▶ [Record set]:
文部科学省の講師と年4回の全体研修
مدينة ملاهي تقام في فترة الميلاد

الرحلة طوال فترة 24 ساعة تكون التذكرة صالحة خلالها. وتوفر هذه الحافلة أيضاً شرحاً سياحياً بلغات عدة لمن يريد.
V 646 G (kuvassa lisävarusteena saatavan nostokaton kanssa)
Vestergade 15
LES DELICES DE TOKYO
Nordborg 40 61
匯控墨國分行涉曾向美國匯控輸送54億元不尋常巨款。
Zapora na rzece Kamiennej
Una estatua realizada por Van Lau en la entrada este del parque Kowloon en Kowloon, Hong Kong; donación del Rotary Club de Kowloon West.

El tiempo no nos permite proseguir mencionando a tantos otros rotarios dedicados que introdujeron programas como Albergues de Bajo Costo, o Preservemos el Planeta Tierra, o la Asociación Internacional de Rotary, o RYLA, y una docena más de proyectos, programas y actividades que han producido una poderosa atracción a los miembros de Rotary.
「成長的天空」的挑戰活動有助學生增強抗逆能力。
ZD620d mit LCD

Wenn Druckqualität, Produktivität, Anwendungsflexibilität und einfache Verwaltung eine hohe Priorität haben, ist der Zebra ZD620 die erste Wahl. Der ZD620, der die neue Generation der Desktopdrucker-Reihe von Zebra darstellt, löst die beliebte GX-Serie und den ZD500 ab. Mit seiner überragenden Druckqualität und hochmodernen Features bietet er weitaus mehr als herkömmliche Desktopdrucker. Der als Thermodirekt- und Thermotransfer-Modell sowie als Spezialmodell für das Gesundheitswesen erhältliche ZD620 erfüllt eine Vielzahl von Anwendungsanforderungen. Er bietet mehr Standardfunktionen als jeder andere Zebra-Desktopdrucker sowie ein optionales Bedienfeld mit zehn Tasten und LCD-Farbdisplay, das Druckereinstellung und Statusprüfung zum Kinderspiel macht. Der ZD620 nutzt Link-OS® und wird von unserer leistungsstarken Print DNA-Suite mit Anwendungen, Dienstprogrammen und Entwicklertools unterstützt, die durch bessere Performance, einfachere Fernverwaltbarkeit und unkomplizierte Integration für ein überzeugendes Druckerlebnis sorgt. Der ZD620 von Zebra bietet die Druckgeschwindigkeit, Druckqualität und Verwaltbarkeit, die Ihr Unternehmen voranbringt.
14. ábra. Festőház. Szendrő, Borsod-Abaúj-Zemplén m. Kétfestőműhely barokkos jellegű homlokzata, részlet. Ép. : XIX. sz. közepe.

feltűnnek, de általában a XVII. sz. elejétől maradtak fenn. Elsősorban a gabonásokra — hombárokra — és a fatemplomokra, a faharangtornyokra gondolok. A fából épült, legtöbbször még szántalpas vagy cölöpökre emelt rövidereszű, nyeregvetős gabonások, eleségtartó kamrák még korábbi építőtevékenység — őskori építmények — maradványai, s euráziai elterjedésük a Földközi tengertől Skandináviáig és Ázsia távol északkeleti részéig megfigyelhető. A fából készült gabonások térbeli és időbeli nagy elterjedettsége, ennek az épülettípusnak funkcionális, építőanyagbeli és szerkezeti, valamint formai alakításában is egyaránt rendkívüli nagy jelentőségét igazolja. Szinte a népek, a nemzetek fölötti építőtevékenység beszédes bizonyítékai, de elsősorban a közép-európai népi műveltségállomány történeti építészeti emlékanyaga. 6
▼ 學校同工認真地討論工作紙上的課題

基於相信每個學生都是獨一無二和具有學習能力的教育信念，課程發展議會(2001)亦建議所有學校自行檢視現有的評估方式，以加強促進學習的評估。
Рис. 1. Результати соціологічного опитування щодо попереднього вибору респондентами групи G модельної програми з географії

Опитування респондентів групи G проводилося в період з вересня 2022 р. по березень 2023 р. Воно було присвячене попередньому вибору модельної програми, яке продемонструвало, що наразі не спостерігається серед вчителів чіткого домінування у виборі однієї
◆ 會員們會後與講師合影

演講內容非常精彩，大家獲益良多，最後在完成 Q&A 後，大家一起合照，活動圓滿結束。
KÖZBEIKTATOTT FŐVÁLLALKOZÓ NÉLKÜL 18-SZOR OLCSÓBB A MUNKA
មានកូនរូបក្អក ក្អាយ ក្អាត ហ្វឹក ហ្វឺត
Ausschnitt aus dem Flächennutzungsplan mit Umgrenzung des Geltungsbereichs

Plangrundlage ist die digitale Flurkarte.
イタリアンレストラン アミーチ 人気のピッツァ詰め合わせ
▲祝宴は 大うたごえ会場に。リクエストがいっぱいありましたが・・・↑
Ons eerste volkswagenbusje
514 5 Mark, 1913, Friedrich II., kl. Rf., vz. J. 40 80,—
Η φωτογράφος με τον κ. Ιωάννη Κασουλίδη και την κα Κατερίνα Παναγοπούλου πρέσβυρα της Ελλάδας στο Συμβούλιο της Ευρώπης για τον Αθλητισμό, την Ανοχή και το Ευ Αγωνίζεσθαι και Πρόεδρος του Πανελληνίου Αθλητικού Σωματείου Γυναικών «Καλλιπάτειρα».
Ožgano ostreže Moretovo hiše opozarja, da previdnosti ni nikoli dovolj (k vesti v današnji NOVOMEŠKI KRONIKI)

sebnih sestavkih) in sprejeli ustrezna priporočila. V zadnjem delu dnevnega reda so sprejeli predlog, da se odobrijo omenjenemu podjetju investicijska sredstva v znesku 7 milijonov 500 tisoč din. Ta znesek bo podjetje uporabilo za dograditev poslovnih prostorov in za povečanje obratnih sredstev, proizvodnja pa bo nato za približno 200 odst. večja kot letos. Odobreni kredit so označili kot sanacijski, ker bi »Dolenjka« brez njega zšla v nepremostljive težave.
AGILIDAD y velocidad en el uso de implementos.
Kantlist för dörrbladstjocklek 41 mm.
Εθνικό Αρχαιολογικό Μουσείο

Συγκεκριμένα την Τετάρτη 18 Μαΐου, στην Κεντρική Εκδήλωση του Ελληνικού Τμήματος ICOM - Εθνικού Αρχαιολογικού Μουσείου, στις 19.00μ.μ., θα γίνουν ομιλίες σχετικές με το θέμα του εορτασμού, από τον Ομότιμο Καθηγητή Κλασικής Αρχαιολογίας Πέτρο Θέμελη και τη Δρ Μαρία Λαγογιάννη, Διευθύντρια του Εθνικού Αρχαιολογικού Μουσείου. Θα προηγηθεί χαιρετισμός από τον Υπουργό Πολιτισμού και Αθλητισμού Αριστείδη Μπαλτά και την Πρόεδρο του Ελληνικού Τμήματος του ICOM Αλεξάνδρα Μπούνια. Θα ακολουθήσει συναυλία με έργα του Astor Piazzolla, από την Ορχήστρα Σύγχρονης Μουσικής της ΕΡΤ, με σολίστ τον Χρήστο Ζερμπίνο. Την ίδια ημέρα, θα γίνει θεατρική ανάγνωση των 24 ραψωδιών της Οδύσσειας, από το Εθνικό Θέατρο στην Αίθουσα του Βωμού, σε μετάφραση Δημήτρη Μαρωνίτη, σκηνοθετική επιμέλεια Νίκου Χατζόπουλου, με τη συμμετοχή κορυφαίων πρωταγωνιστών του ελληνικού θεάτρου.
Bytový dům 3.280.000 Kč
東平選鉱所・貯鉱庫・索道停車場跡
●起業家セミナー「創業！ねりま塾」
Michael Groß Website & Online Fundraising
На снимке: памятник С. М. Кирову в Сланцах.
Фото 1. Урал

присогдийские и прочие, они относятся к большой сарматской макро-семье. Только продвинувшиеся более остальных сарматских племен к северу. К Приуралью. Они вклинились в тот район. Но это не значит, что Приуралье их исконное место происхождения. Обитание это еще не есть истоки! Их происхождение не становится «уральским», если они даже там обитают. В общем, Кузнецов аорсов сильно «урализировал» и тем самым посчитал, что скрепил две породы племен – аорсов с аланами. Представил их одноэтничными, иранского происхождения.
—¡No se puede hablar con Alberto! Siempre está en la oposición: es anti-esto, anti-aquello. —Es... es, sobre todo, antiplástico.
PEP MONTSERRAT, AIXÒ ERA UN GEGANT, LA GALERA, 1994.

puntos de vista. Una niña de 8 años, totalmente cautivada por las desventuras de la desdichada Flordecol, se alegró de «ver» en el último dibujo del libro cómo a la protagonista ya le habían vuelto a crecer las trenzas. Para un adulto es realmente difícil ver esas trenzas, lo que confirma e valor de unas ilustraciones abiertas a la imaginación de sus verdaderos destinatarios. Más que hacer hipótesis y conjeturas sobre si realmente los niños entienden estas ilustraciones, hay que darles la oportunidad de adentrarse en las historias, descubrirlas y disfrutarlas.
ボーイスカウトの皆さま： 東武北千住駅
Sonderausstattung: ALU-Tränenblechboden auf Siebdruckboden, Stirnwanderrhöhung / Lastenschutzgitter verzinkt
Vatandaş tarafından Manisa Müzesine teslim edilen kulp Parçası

▶ [Your objective]: Could you transcribe the entries exactly, from the first line through the line containing "ZD620d mit LCD", and give nothing more?

▶ [Answer for the task]:
文部科学省の講師と年4回の全体研修
مدينة ملاهي تقام في فترة الميلاد

الرحلة طوال فترة 24 ساعة تكون التذكرة صالحة خلالها. وتوفر هذه الحافلة أيضاً شرحاً سياحياً بلغات عدة لمن يريد.
V 646 G (kuvassa lisävarusteena saatavan nostokaton kanssa)
Vestergade 15
LES DELICES DE TOKYO
Nordborg 40 61
匯控墨國分行涉曾向美國匯控輸送54億元不尋常巨款。
Zapora na rzece Kamiennej
Una estatua realizada por Van Lau en la entrada este del parque Kowloon en Kowloon, Hong Kong; donación del Rotary Club de Kowloon West.

El tiempo no nos permite proseguir mencionando a tantos otros rotarios dedicados que introdujeron programas como Albergues de Bajo Costo, o Preservemos el Planeta Tierra, o la Asociación Internacional de Rotary, o RYLA, y una docena más de proyectos, programas y actividades que han producido una poderosa atracción a los miembros de Rotary.
「成長的天空」的挑戰活動有助學生增強抗逆能力。
ZD620d mit LCD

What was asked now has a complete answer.